Midge Raymond is the author of the novel My Last Continent and the award-winning short-story collection Forgetting English. Her writing has appeared in TriQuarterly, American Literary Review, Bellevue Literary Review, the Los Angeles Times magazine, Poets & Writers, and many other publications.
Raymond tells us why she drew inspiration from Antarctica for her debut novel, and how this unusual land of great contrast makes for a great setting.
“It seems like there are two kinds of people who come to Antarctica,” penguin researcher and shipboard naturalist Deb Gardner tells a passenger in My Last Continent. “Those who have run out of places to go, and those who have run out of places to hide.”
While I don’t necessarily share Deb’s view, putting these two categories of people together provided plenty of drama for a novel about our planet’s last frontier.
As a writer, I’ve long been attracted to contrasts, and Antarctica provides a great deal of them, especially when it comes to those who venture there. When these contrasting individuals and groups share the ships headed down to the bottom of the world, we can learn a lot through their interactions and conflicts.
For many tourists, Antarctica is their seventh continent, the last place left to see. For shipboard naturalists, it’s a chance to educate tourists about the creatures they’ve studied all their lives, from penguins to whales to seabirds—as well as a chance to make the passengers’ last continent more than just something to check off their lists.
When I visited Antarctica in 2004, increasing tourism was a hot topic among the naturalists and crew. Among their worries was the fact that larger ships were beginning to enter the region—ships carrying thousands of passengers rather than a hundred or fewer. If something were to happen to a large cruise liner in Antarctica—where research stations and other ships are not hours but days away—it would be a disaster.
Since my visit, tourism in Antarctica has nearly doubled. And, unfortunately, a lot of Antarctic tourism is not about the wildlife but about skiing, fat biking, ice marathons—the sort of adventure that is not at all healthy for such a fragile environment. There are plenty of places to ski and bike and run, but no other place to see Adélie penguins or Weddell seals. These tourists don’t fit into the category of those who want to hide but quite the opposite—those have run out of places to go.

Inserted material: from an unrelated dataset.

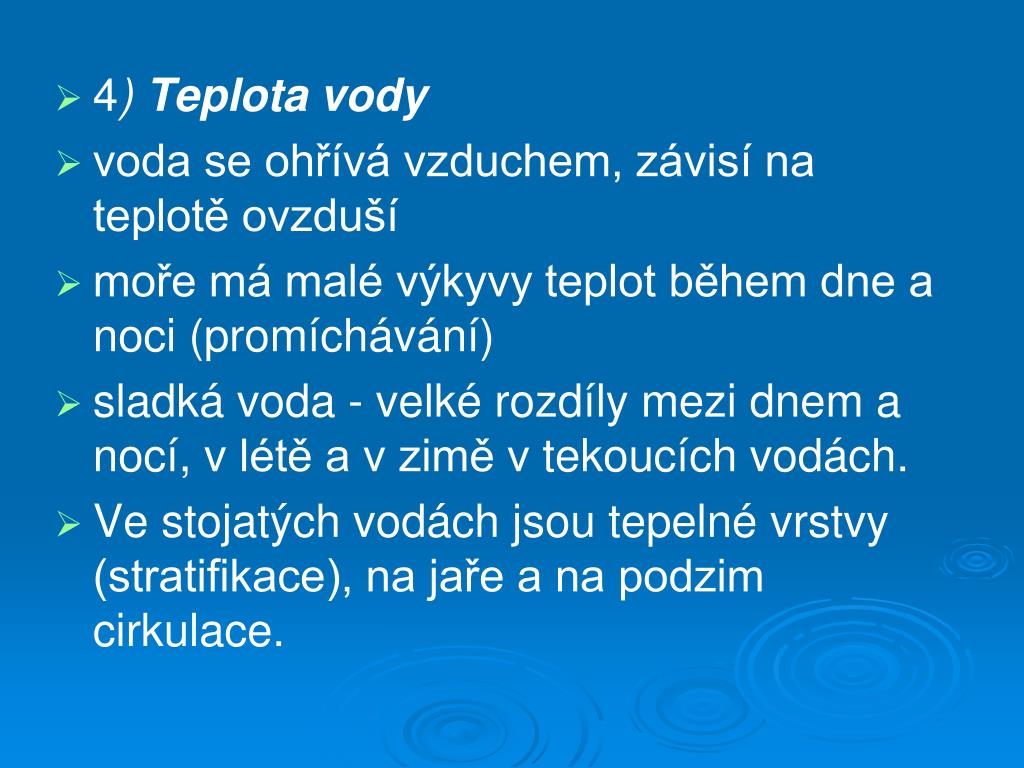 4) Teplota vody • voda se ohřívá vzduchem, závisí na teplotě ovzduší • moře má malé výkyvy teplot během dne a noci (promíchávání) • sladká voda - velké rozdíly mezi dnem a nocí, v létě a v zimě v tekoucích vodách. • Ve stojatých vodách jsou tepelné vrstvy (stratifikace), na jaře a na podzim cirkulace.

In My Last Continent, Deb and Keller seek solace at the end of the world because they have not been able to find it anywhere else. And, like several expedition naturalists I spoke with, they find themselves conflicted: They know the continent is vulnerable to rapidly expanding tourism, yet they also know that among the best ways to inspire people to protect this icy region is to show it to them.
To be a researcher, like Deb and Keller, is to see firsthand the effects of humankind on the animal kingdom—how such things as climate change and overfishing affects the fate of penguins from Argentina to Antarctica. Similarly, to be a writer is to live a life of constant observation, of seeing things others don’t often see.
Several days into my own Antarctic journey, I witnessed a fellow traveler slip and fall on a patch of ice on the edge of a penguin colony. I appeared to be the only one who saw him, and fortunately he got up immediately, more embarrassed than injured. However, having already heard concerns about accidents at the bottom of the world, I began to wonder: What if this man hadn’t gotten up? This question became the inspiration for a short story, and that story in turn grew into My Last Continent, which envisions an even larger accident in the Southern Ocean, one involving thousands rather than just one.
Antarctica was once the last frontier for explorers, and the continent is rich with the histories of Shackleton, Scott, Amundsen, and Mawson. Yet we are no longer living in the age of discovery—now, we’re in an age of commercialism, in which the continent is under threat from those who are taking its whales and krill, and who have eyes as well for the oil that may be deep beneath its ice.
Antarctica is not as off-limits as it used to be—for those who aim to exploit it as well as those who wish to protect it. Today, all of us have a role to play in saving the planet and its many endangered species—and I hope all who are fortunate enough to visit their last continent return home inspired to preserve it.